What the task asks :: Make an exact copy of all the records, one that contains none of the pictures.

Data records ::
* * * *
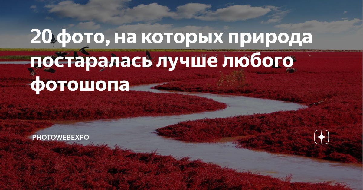 20 фото, на которых природа постаралась лучше любого фотошопа Хотя фотошоп был создан почти 50 лет назад, он стал огромной частью повседневной жизни. В наши дни очень трудно найти неотредактированные фотографии в интернете. Однако сама природа - замечательный художник, который может создавать изображения гораздо лучше, чем любой профессионал фотошопа. Уникальные очертания гор, чудные гримасы диких животных и завораживающие цвета неба могут только
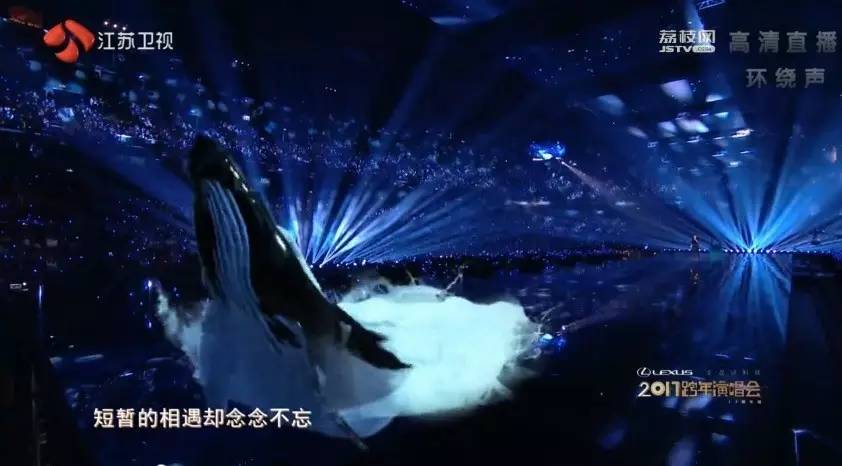 按出场顺序,第一个亮点:音乐诗人李健一边唱,忽地一条大蓝鲸跃起,全场最佳特效给你,憋骄傲。
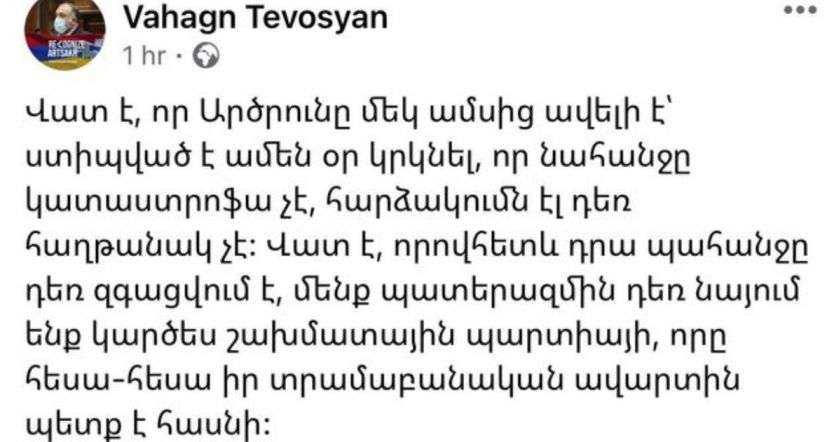 …ու դուք՝ դեգեներատներդ, փոխանակ անասնագույն ստատուսներ գրեք, պիտի միջազգային մամուլի առաջին էջերից չիջնեիք ու կառույցների դռները ջարդեիք՝ աշխարհին հասցնելով, որ թուրքը քիմիական զենք ա օգտագործում Արցախում, որ խաղաղ բնակիչ ա սպանում ու գլխատում:
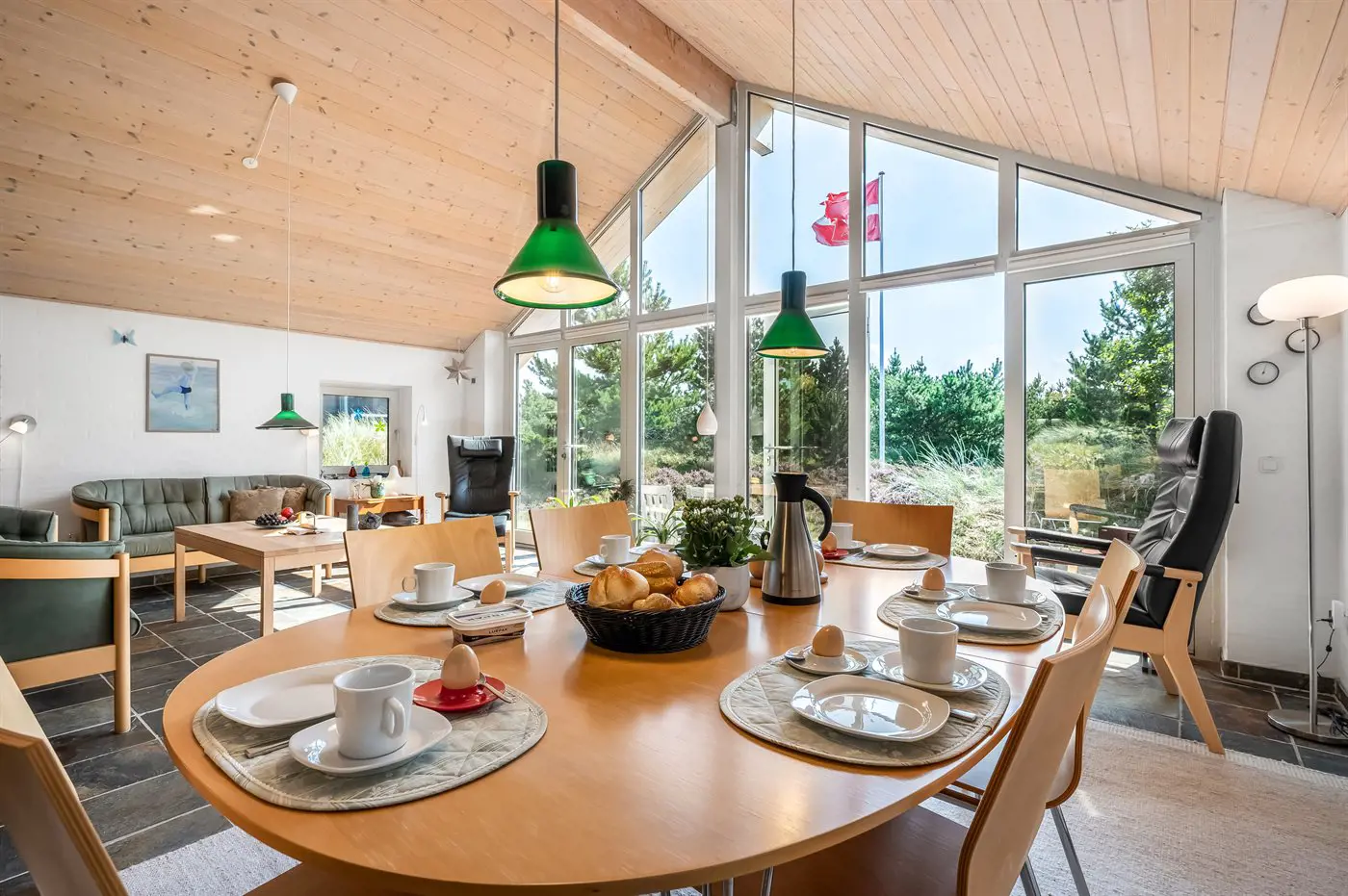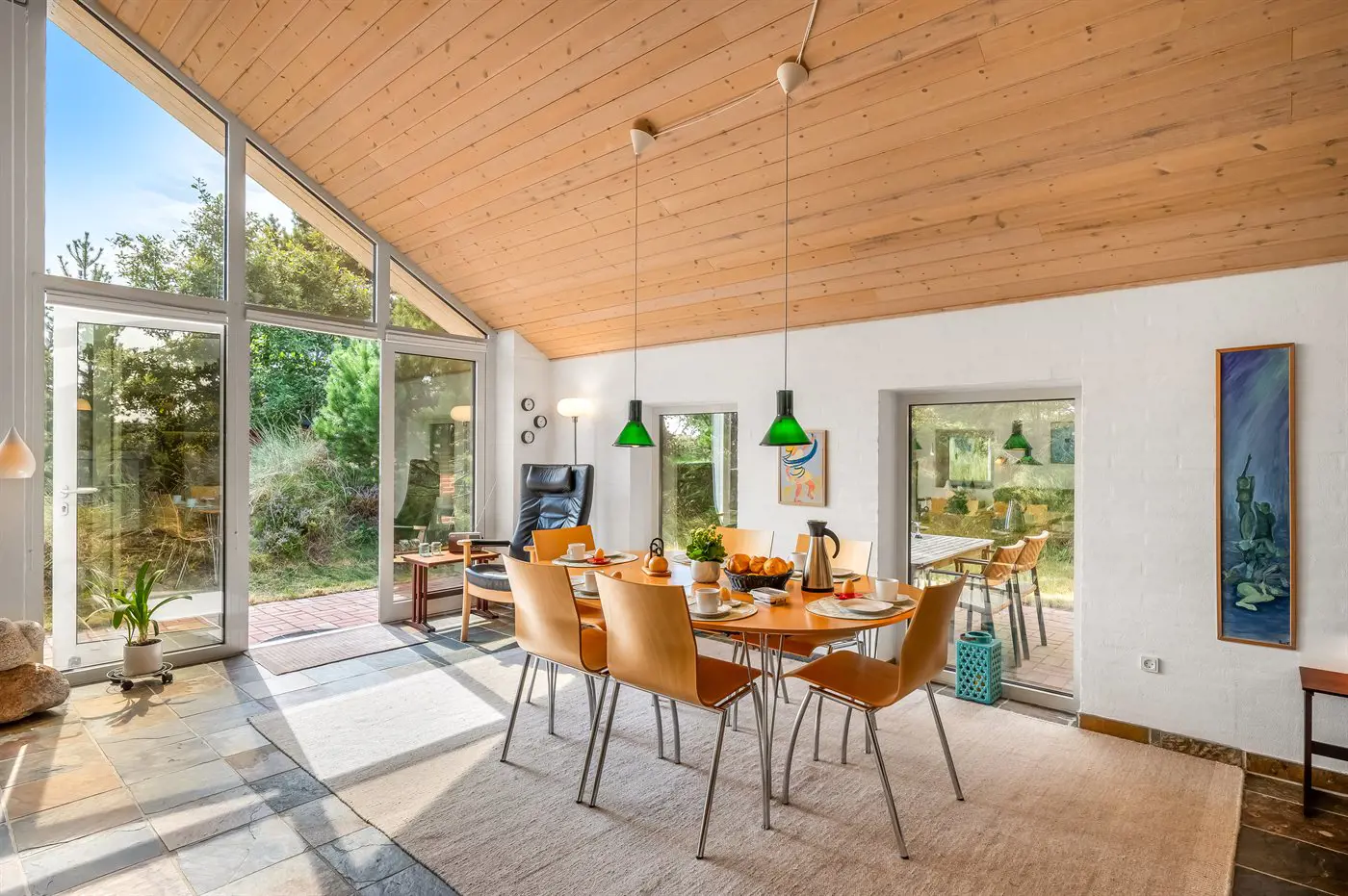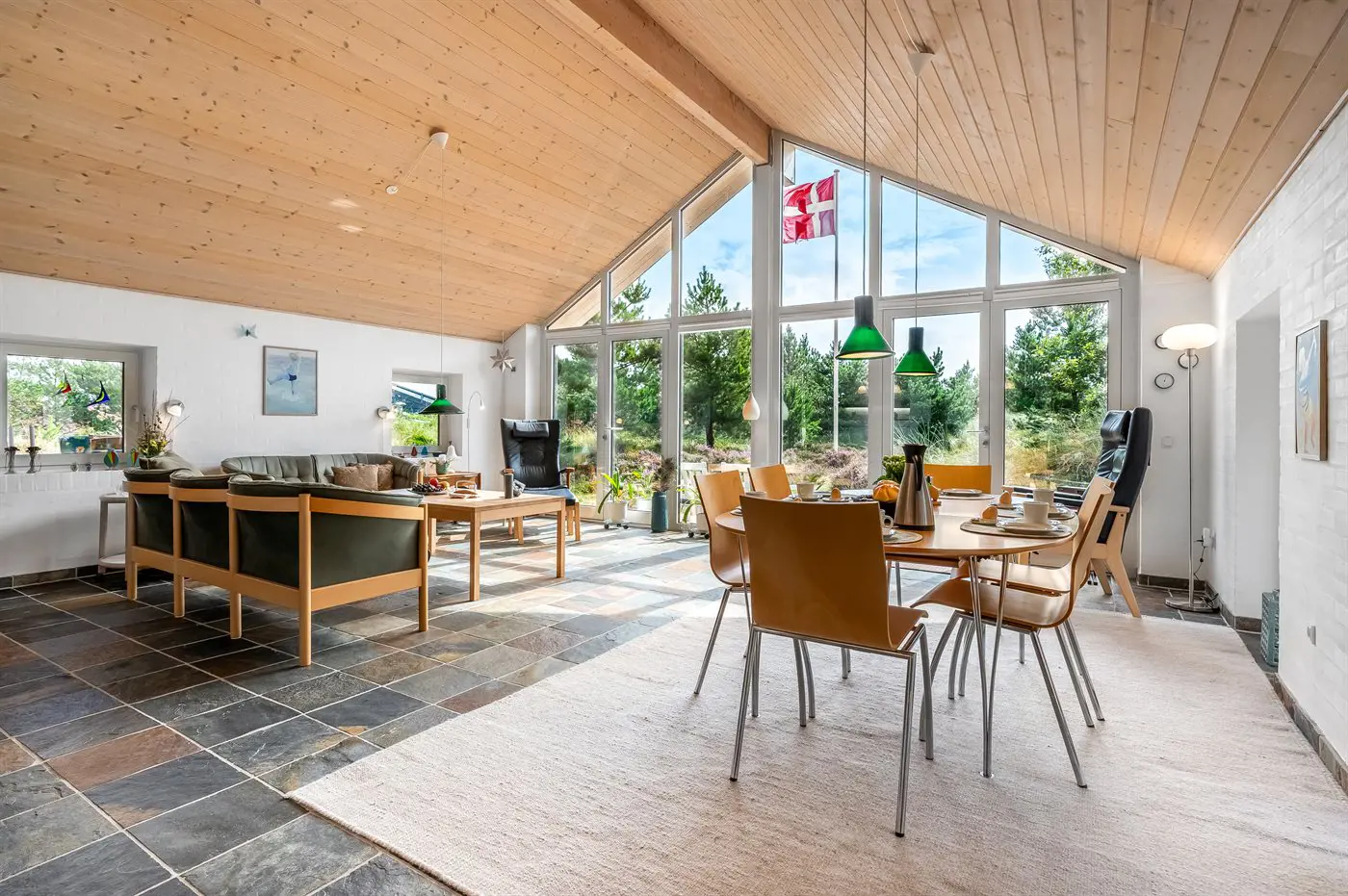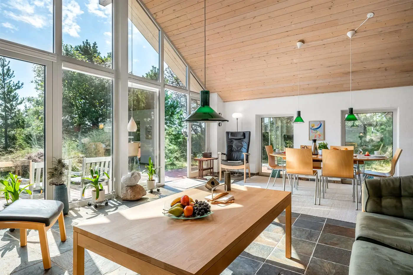 Das Wohnzimmer ist mit einem großen Esstisch, zwei separaten Sitzgruppen und mehreren bequemen Sesseln ausgestattet – ideal zum Entspannen und zum gemütlichen Beisammensein für die ganze Familie. Durch die Wohnzimmerfenster blickst du direkt auf das Naturgrundstück mit einem reichen Tierleben. Haustiere sind nicht erlaubt.
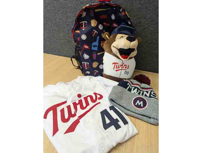 Twins Kids Pack - TC Bear Backpack & Stuffie, Youth M Ryan Jersey, Knit Bobble Hat
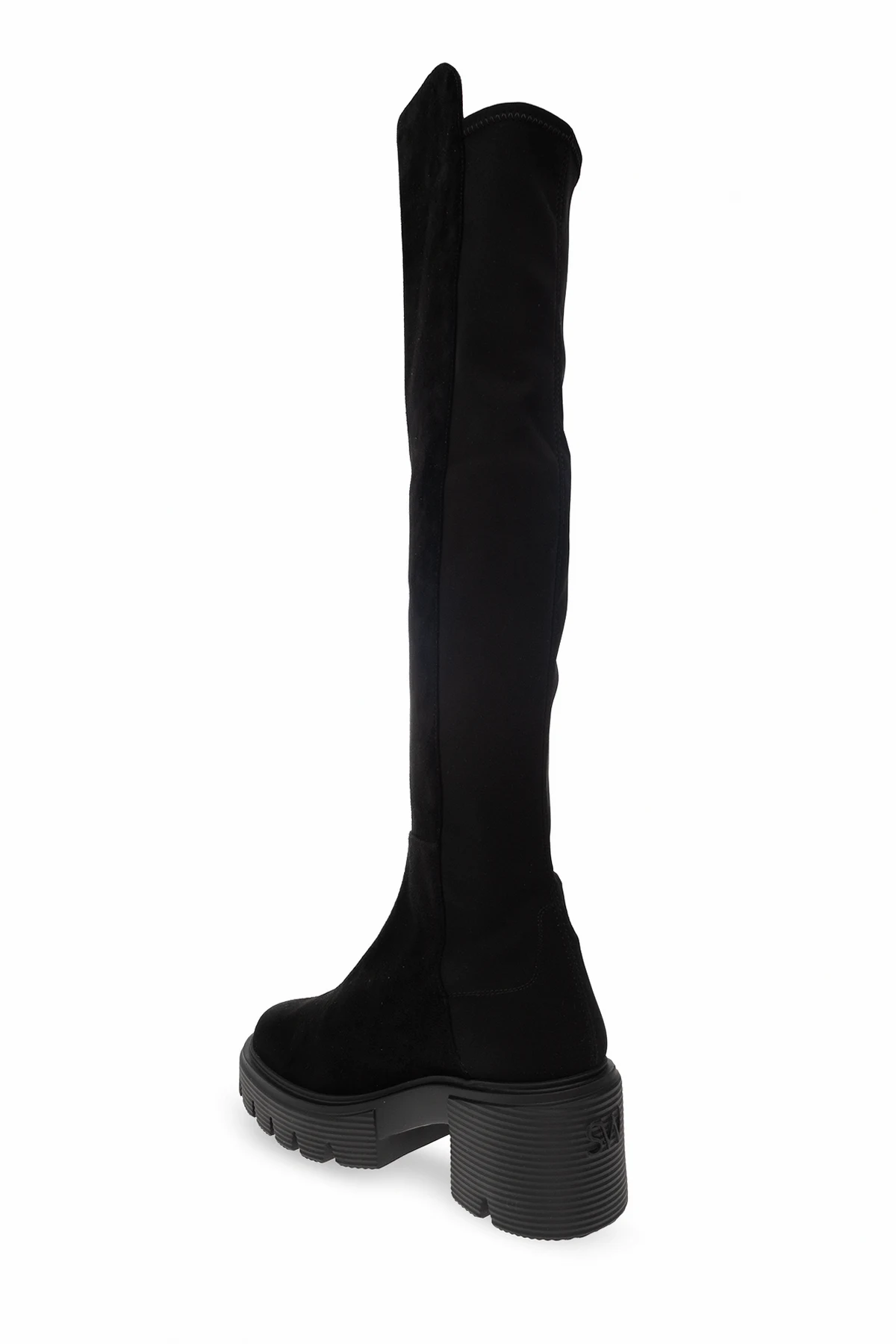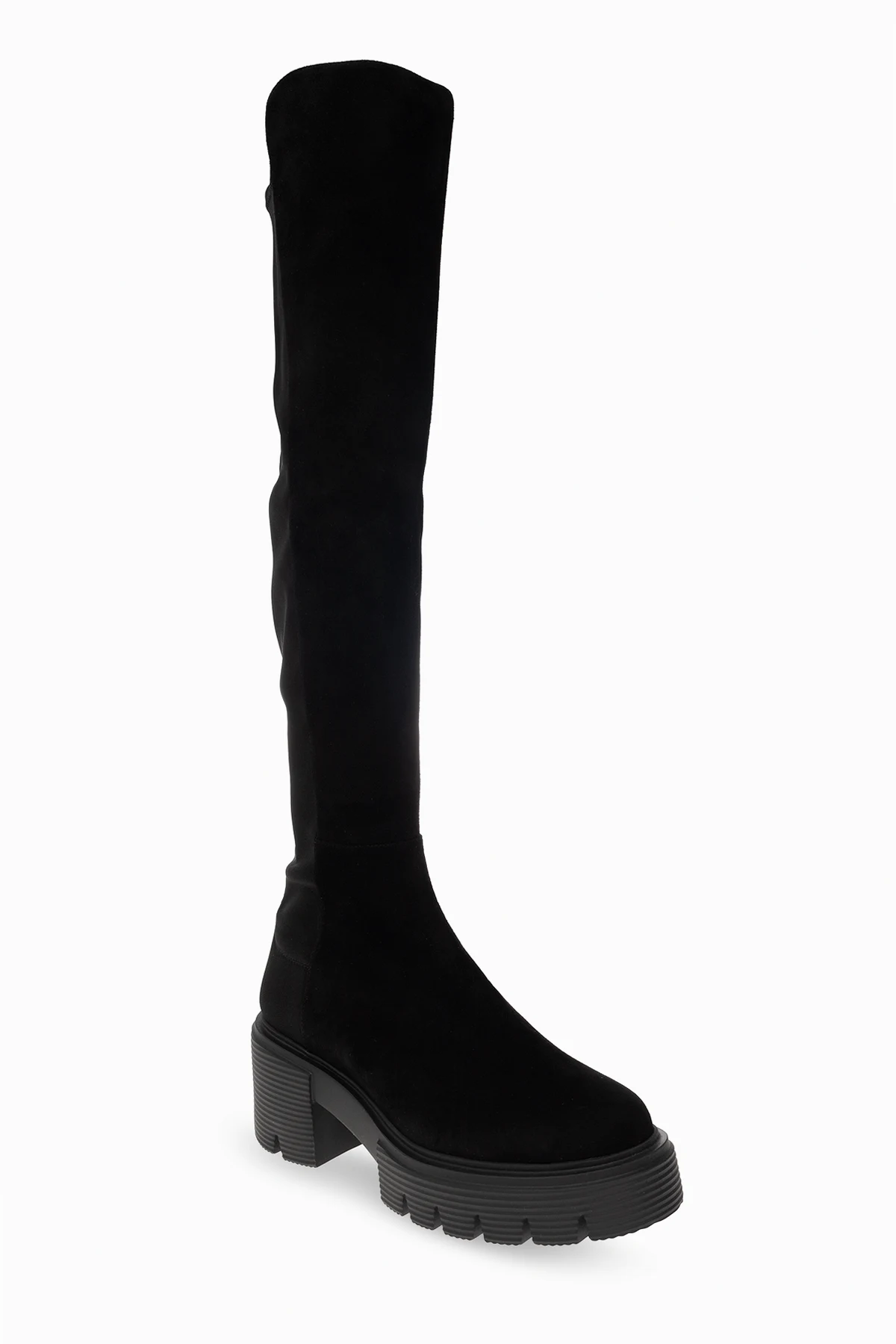 Black ‘5050’ over-the-knee boots from Stuart Weitzman. Made of suede with a slip-on silhouette, this model sits on a black rubber sole and features stretch detailing.
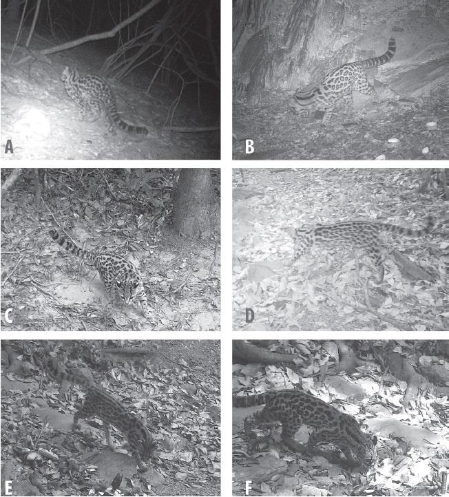 We recorded 5 different margay individuals on 6 occasions, in 4 different areas after a total effort of 4,260 trap-days. One was recorded in a habitat characterized by the semi-arid thorny scrub (caatinga) in Caetité (14o00’20.78” S, 42o38’39.62” W), on 30/07/2015 (Fig. 1A). The remaining 5 were in areas of dry deciduous forest habitat. Four were in Igaporã at 2 different camera stations (13o51’18.59” S, 42o40’19.51” W and 13o52’52.98” S, 42o40’29.02” W) on 15/10/2012, 08/10/2012, 19/10/2012, and 12/01/2014 and the other was in Urandi (14o32’08.78” S, 42o35’04.08” W) on 19/07/2015 (Fig. 1B-F). These new records extend the known range of the margay considerably, by at least 325 km north, 234 km east and 162 km west of the known range, an area extension larger than Portugal or French Guiana (> 90,000 km2) (Fig. 2). They redefine the species’ distribution in northeastern Brazil, the limits of which remain uncertain (Nowell & Jackson, 1996; Oliveira, 1994; Oliveira et al., 2015), and go some way towards bridging this gap in knowledge and helping to define the potential distributional models of margays in northeast Brazil. Additionally, these data represent the first confirmed records of the species using the open vegetation formations that are characteristic of semi-arid caatinga thorny scrub habitats.
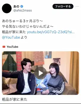 「あのちゃん」こと歌手・あの(年齢非公表)が21日までに自身のYouTubeチャンネルを更新。お笑いコンビ「霜降り明星」の粗品(31)がゲスト出演し、あのちゃんの部屋の印象について語る場面があった。
* * * *
Exercise answer ::
 20 фото, на которых природа постаралась лучше любого фотошопа Хотя фотошоп был создан почти 50 лет назад, он стал огромной частью повседневной жизни. В наши дни очень трудно найти неотредактированные фотографии в интернете. Однако сама природа - замечательный художник, который может создавать изображения гораздо лучше, чем любой профессионал фотошопа. Уникальные очертания гор, чудные гримасы диких животных и завораживающие цвета неба могут только
 按出场顺序,第一个亮点:音乐诗人李健一边唱,忽地一条大蓝鲸跃起,全场最佳特效给你,憋骄傲。
 …ու դուք՝ դեգեներատներդ, փոխանակ անասնագույն ստատուսներ գրեք, պիտի միջազգային մամուլի առաջին էջերից չիջնեիք ու կառույցների դռները ջարդեիք՝ աշխարհին հասցնելով, որ թուրքը քիմիական զենք ա օգտագործում Արցախում, որ խաղաղ բնակիչ ա սպանում ու գլխատում:
 Das Wohnzimmer ist mit einem großen Esstisch, zwei separaten Sitzgruppen und mehreren bequemen Sesseln ausgestattet – ideal zum Entspannen und zum gemütlichen Beisammensein für die ganze Familie. Durch die Wohnzimmerfenster blickst du direkt auf das Naturgrundstück mit einem reichen Tierleben. Haustiere sind nicht erlaubt.
 Twins Kids Pack - TC Bear Backpack & Stuffie, Youth M Ryan Jersey, Knit Bobble Hat
 Black ‘5050’ over-the-knee boots from Stuart Weitzman. Made of suede with a slip-on silhouette, this model sits on a black rubber sole and features stretch detailing.
 We recorded 5 different margay individuals on 6 occasions, in 4 different areas after a total effort of 4,260 trap-days. One was recorded in a habitat characterized by the semi-arid thorny scrub (caatinga) in Caetité (14o00’20.78” S, 42o38’39.62” W), on 30/07/2015 (Fig. 1A). The remaining 5 were in areas of dry deciduous forest habitat. Four were in Igaporã at 2 different camera stations (13o51’18.59” S, 42o40’19.51” W and 13o52’52.98” S, 42o40’29.02” W) on 15/10/2012, 08/10/2012, 19/10/2012, and 12/01/2014 and the other was in Urandi (14o32’08.78” S, 42o35’04.08” W) on 19/07/2015 (Fig. 1B-F). These new records extend the known range of the margay considerably, by at least 325 km north, 234 km east and 162 km west of the known range, an area extension larger than Portugal or French Guiana (> 90,000 km2) (Fig. 2). They redefine the species’ distribution in northeastern Brazil, the limits of which remain uncertain (Nowell & Jackson, 1996; Oliveira, 1994; Oliveira et al., 2015), and go some way towards bridging this gap in knowledge and helping to define the potential distributional models of margays in northeast Brazil. Additionally, these data represent the first confirmed records of the species using the open vegetation formations that are characteristic of semi-arid caatinga thorny scrub habitats.
 「あのちゃん」こと歌手・あの(年齢非公表)が21日までに自身のYouTubeチャンネルを更新。お笑いコンビ「霜降り明星」の粗品(31)がゲスト出演し、あのちゃんの部屋の印象について語る場面があった。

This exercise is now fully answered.